* Your assignment:
Write out, from the entries below, exactly the lines that run between the lines holding "The Joey Gathright" and "Auf der Geburtskarte", inclusive, and stop there.

* Dataset records:
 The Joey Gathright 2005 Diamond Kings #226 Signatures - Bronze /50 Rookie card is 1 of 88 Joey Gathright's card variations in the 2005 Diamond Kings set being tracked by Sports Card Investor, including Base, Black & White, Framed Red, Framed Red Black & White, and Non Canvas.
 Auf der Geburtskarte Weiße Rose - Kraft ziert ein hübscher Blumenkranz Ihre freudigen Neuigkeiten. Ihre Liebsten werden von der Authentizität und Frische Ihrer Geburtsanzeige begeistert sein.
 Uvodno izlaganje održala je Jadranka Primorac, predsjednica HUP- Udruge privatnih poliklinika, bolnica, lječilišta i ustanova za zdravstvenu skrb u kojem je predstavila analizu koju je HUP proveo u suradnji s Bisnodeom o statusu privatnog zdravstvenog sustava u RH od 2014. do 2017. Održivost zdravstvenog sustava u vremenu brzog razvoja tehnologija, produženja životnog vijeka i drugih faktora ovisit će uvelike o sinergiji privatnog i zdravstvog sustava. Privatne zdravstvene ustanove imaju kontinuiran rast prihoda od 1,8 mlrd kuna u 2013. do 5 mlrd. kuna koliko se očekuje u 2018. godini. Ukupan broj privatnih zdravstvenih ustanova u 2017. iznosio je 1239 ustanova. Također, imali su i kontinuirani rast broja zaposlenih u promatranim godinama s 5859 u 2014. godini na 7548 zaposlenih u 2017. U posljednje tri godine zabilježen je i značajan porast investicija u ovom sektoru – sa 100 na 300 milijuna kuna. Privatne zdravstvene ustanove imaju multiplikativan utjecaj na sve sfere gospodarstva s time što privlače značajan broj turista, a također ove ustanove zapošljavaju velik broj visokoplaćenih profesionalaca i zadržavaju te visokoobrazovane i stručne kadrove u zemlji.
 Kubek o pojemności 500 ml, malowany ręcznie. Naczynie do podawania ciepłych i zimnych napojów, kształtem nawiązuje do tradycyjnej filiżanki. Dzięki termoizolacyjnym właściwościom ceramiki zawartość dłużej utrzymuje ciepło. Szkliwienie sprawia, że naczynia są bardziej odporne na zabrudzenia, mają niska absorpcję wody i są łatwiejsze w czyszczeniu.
--
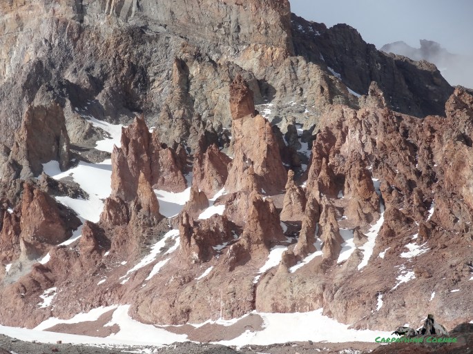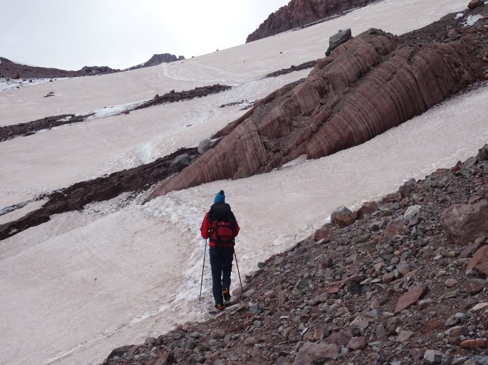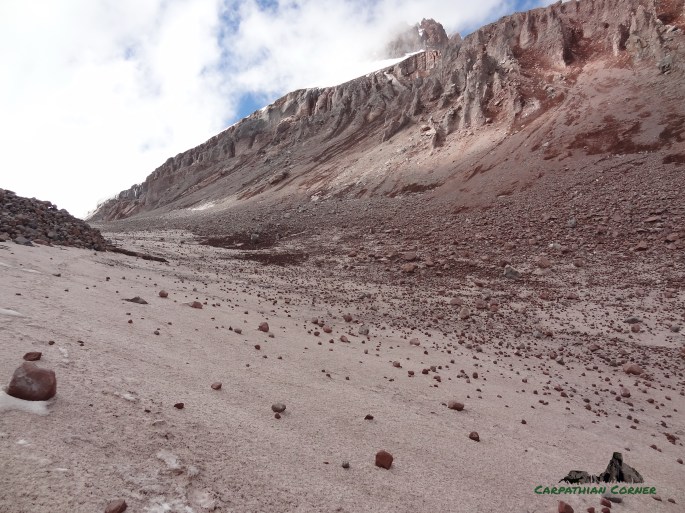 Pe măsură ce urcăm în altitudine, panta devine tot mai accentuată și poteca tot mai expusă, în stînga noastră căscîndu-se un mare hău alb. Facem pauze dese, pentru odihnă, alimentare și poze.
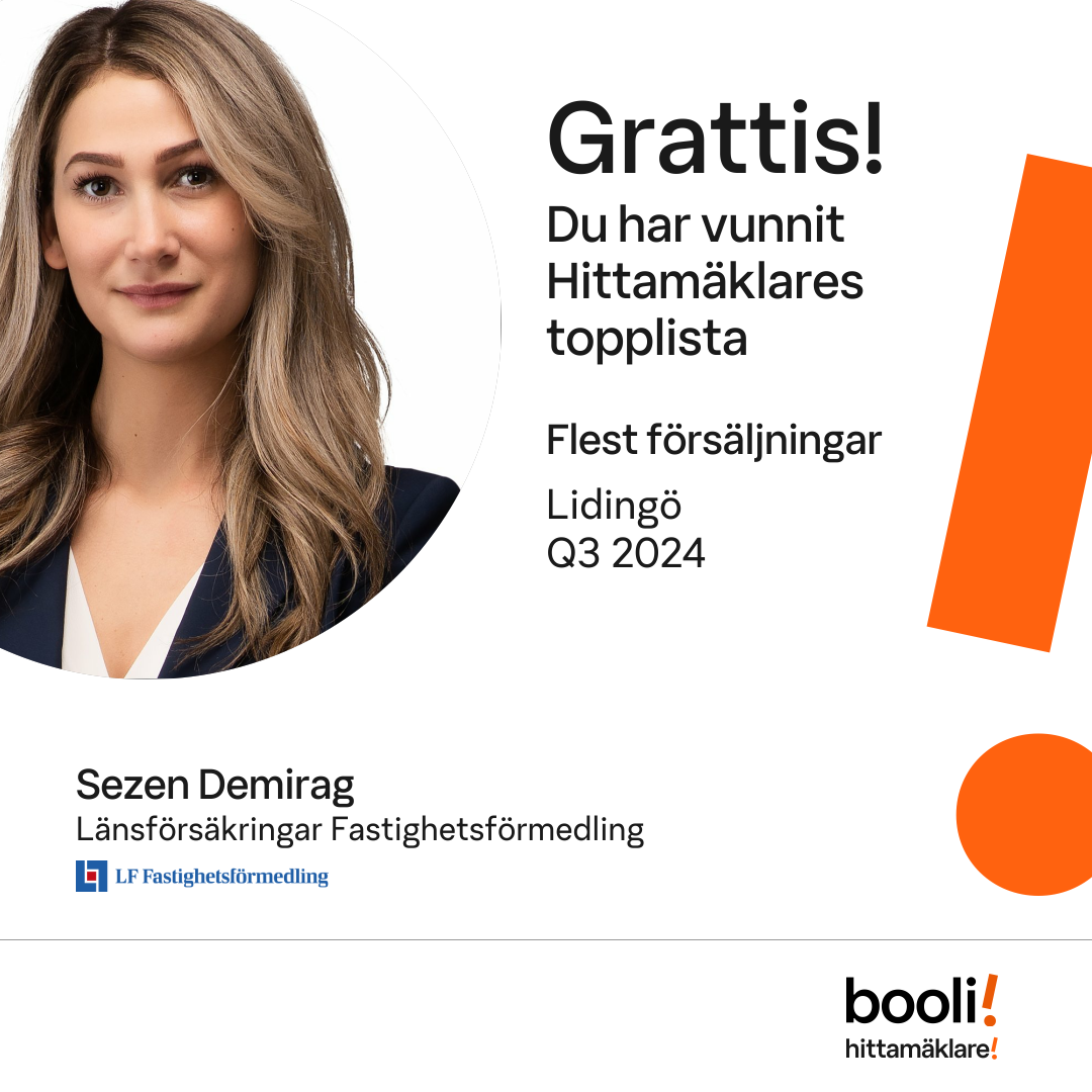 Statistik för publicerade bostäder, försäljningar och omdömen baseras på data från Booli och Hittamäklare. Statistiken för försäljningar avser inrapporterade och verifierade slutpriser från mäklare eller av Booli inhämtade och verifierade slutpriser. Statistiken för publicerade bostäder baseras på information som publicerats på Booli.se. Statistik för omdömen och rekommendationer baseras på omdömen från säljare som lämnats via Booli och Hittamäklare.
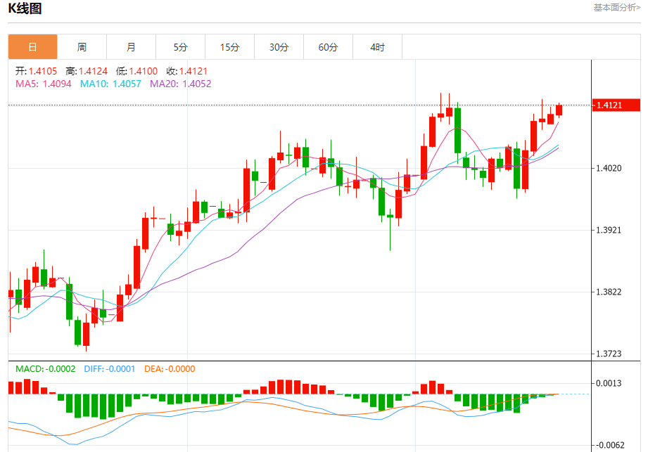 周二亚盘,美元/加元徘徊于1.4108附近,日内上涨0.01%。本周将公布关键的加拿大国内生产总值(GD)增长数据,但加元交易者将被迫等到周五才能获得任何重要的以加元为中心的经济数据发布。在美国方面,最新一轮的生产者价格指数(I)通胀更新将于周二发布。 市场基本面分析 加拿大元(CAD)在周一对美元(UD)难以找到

* Your response:
 The Joey Gathright 2005 Diamond Kings #226 Signatures - Bronze /50 Rookie card is 1 of 88 Joey Gathright's card variations in the 2005 Diamond Kings set being tracked by Sports Card Investor, including Base, Black & White, Framed Red, Framed Red Black & White, and Non Canvas.
 Auf der Geburtskarte Weiße Rose - Kraft ziert ein hübscher Blumenkranz Ihre freudigen Neuigkeiten. Ihre Liebsten werden von der Authentizität und Frische Ihrer Geburtsanzeige begeistert sein.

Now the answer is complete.